The promise of neuroprotective agents in Parkinson's disease

Abstract

Parkinson's disease (PD) is characterized by loss of dopamine neurons in the substantia nigra of the brain. Since there are limited treatment options for PD, neuroprotective agents are currently being tested as a means to slow disease progression. Agents targeting oxidative stress, mitochondrial dysfunction, and inflammation are prime candidates for neuroprotection. This review identifies Rasagiline, Minocycline, and creatine, as the most promising neuroprotective agents for PD, and they are all currently in phase III trials. Other agents possessing protective characteristics in delaying PD include stimulants, vitamins, supplements, and other drugs. Additionally, combination therapies also show benefits in slowing PD progression. The identification of neuroprotective agents for PD provides us with therapeutic opportunities for modifying the course of disease progression and, perhaps, reducing the risk of onset when preclinical biomarkers become available.

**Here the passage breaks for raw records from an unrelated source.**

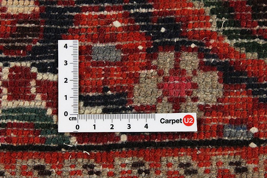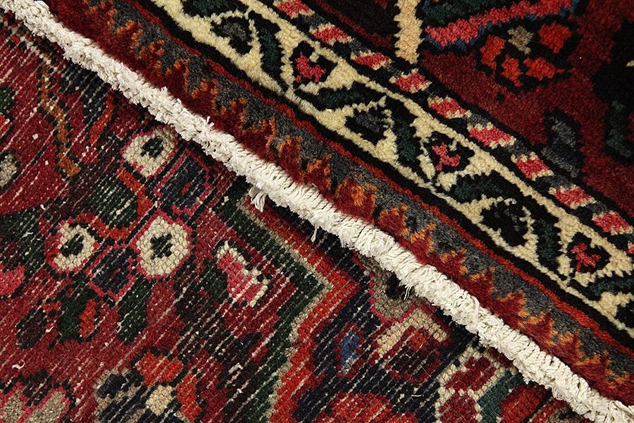 Abrash: Due to the different amount of grease in the wool and the added salt during the process of dyeing, the wool has got a varying colour absorbance. This is not very visible before weaving. During the weaving though, lines of the same colour are formed in the carpet. This is called Abrash (which in Farsi means little cloud) and it shows that the wool was not manufactured using chemical means and marks the naturalness and authenticity of the carpets. Examples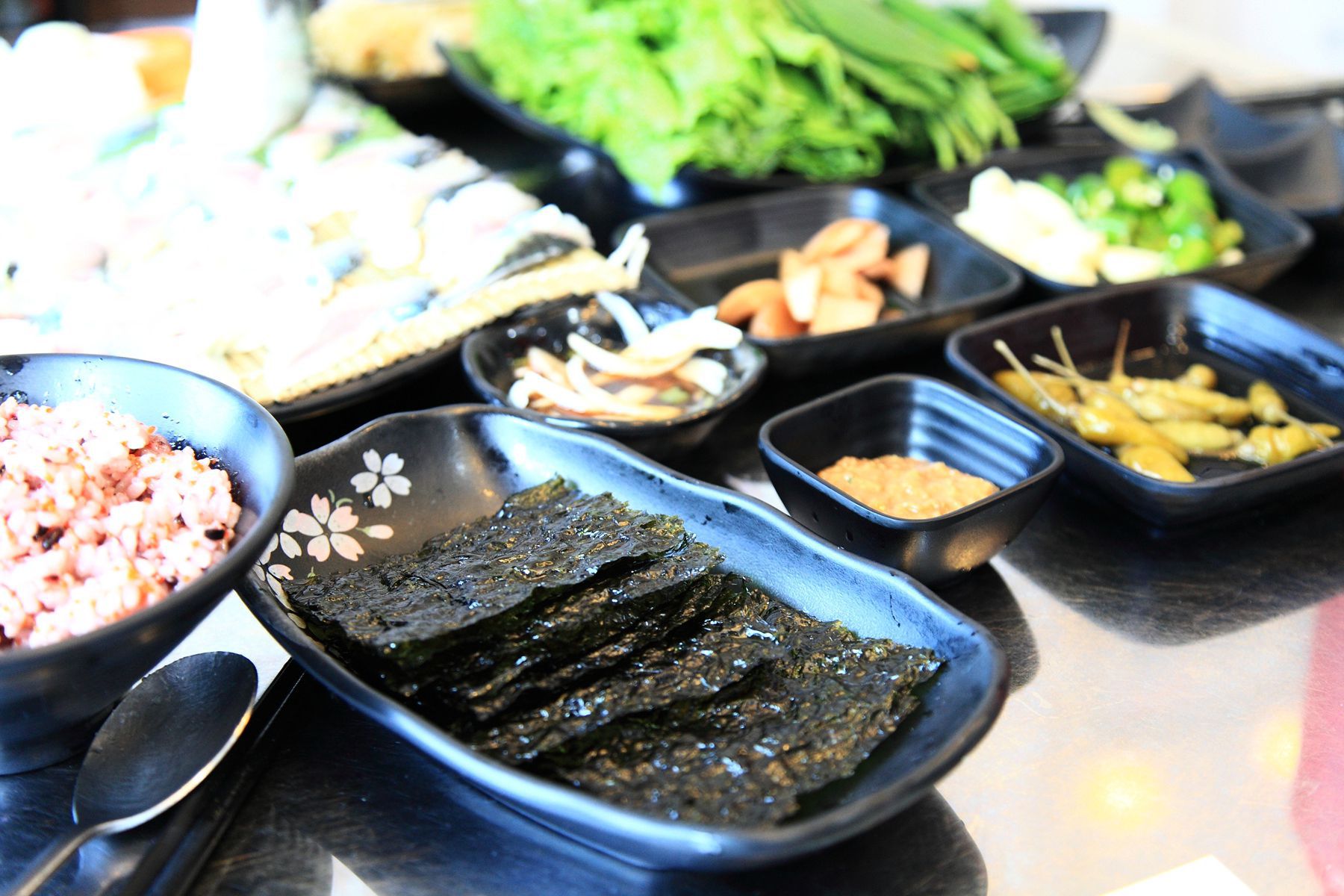 상차림에 같이 제공되어지는 기본찬들과 스키다시들은 깔끔하고 정갈하게 담겨나와 보기에도 좋으며 그 맛도 끝내주며
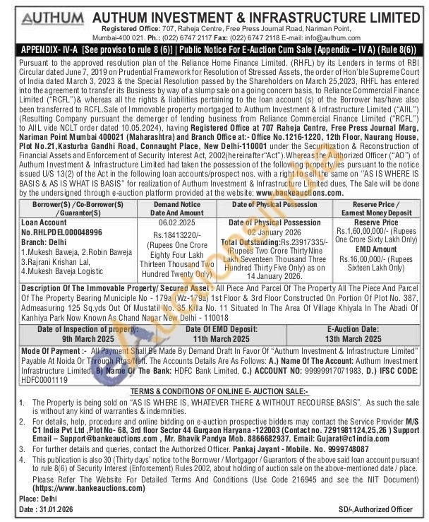 Description Of The Immovable Property/Secured Asset: All Piece And Parcel Of The Property All The Piece And Parcel Of The Property Bearing Municiple No 179a (Wz-179a) 1st Floor & 3rd Floor Constructed On Portion Of Plot No. 387, Admeasuring 125 Sq.yds Out Of Mustatil No. 35 Killa No. 11 Situated In The Area Of Village Khiyala In The Abadi Of Kanhiya Park Now Known As Chand Nagar New Delhi - 110018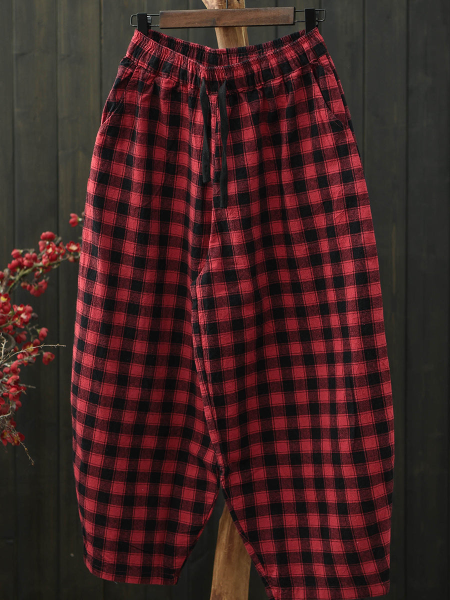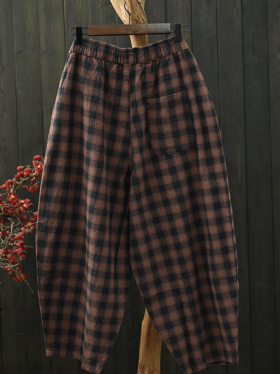 Dámské letní vintage kostkované harémové kalhoty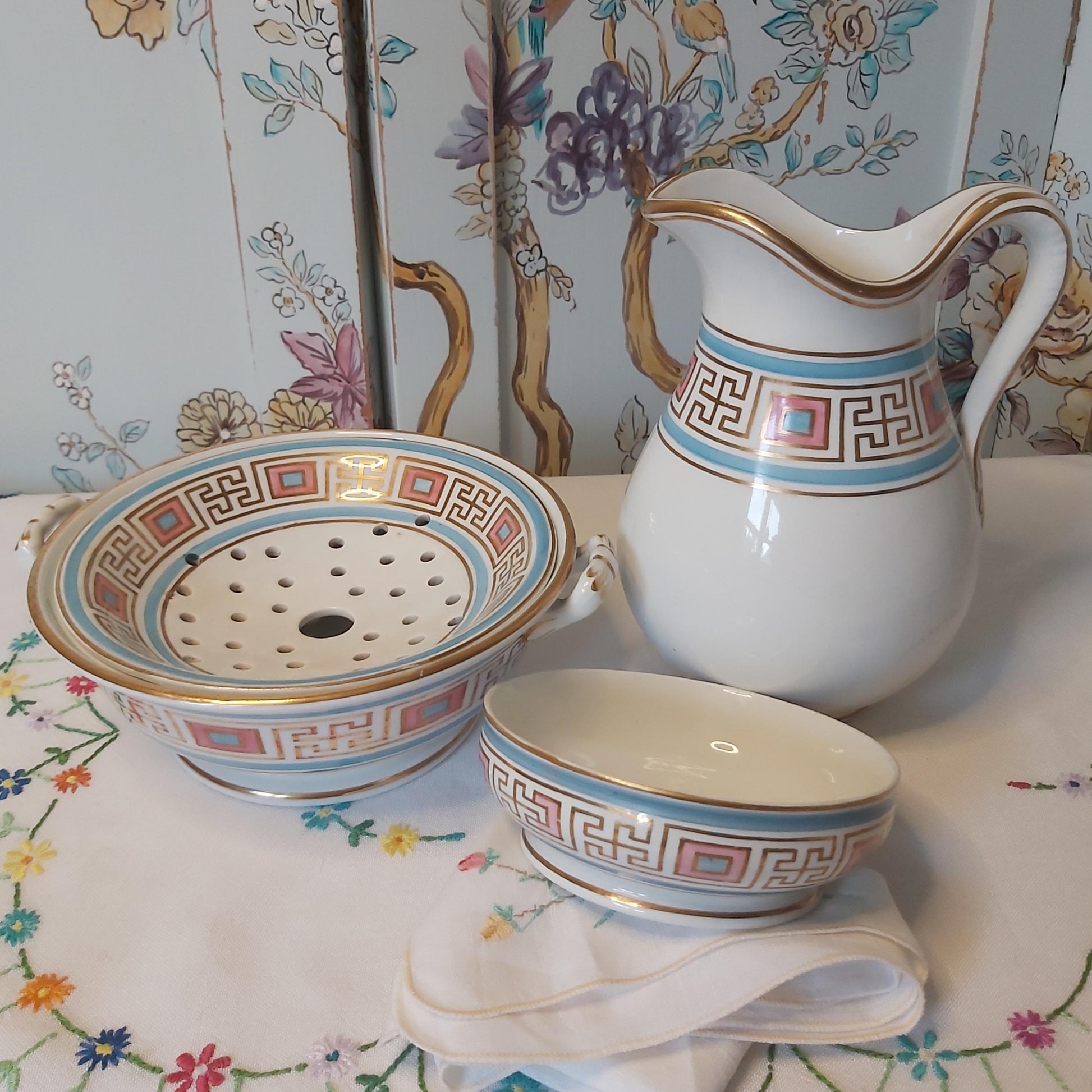 A stunning antique Minton Jug which is part of a wash set. The jug is decorated with a handpainted turquoise, pink and gold Greek key pattern. The other parts of the set have the impressed Minton mark but the jug is unmarked.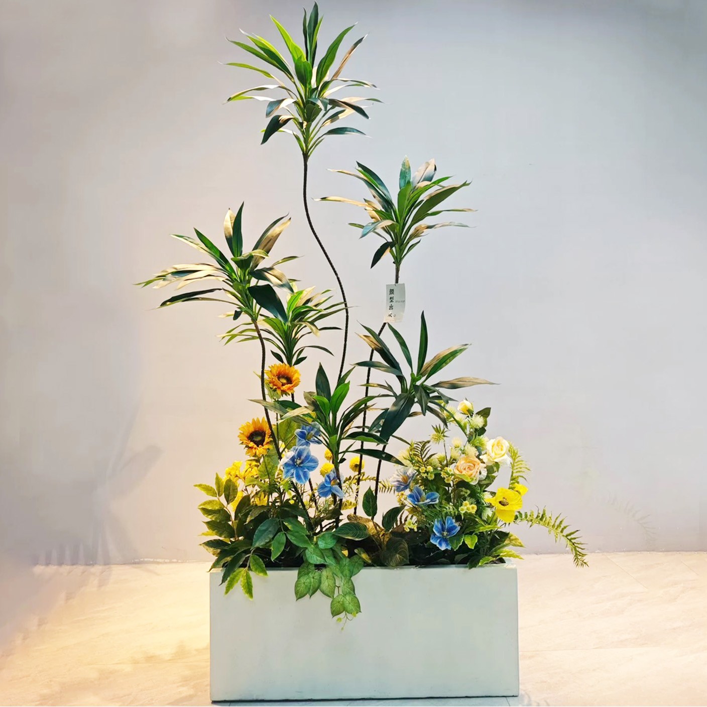 設計說明:繽紛色彩花卉與常綠觀葉混合,營造歐式庭院氛圍。
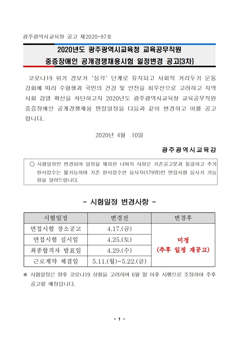 교육공무직 일정변경공고 3차_20년도 광주광역시교육청 교육공무직원 중증장애인 공개경쟁채용시험 게시글 작성정보 작성자 김병진 작성일 20-04-10 11:26 조회수 1,479 댓글수 0 목록 게시글 본문 첨부파일 1개 2020년도광주광역시교육청교육공무직원(중증장애인)공개경쟁채용시험일정변경공고문(3차).pdf_page_1.jpg (302.7K) 0회 다운로드 첨부일시 : 2020-04-10 11:26:00 이전글 초록여행과 함께 즐거운 여행을 떠나세요 20-04-13 다음글 <알림>코로나19 극복을 위한 사랑나눔 간편식 전달 20-03-31 댓글 0 등록된 댓글이 없습니다. 목록

Keywords: Parkinson’s disease; neurodegeneration; neuroprotection.

Figure 1

The mechanisms of action of neuroprotective agents that are in clinical trials. Rasagiline shows neuroprotective properties by suppressing mitochondrial apoptosis stopping the mitochondrial permeability transition pore (MPT) opening by inhibiting caspase-3, nuclear poly [ADP-ribose] polymerase 1 (PARP-1) activation, stopping the translocation of glyceraldehyde-3-phosphate dehydrogenase (GAPDH), and halting nucleosomal DNA fragmentation. Rasagiline increases the expression of the anti-apoptotic proteins B-cell lymphoma 2 (Bcl-2) and B-cell lymphoma-extra large (Bcl-xL) through the protein kinase C (PKC) pathway, in addition to down-regulating the pro-apoptotic Bcl-2-associated death promoter (Bad) and Bcl-2-associated X protein (Bax). Minocycline inhibits the inflammatory response to prevent cell death and it chealates metals. Creatine inhibits activation of the MPT and represses iron (Fe²⁺) accumulation.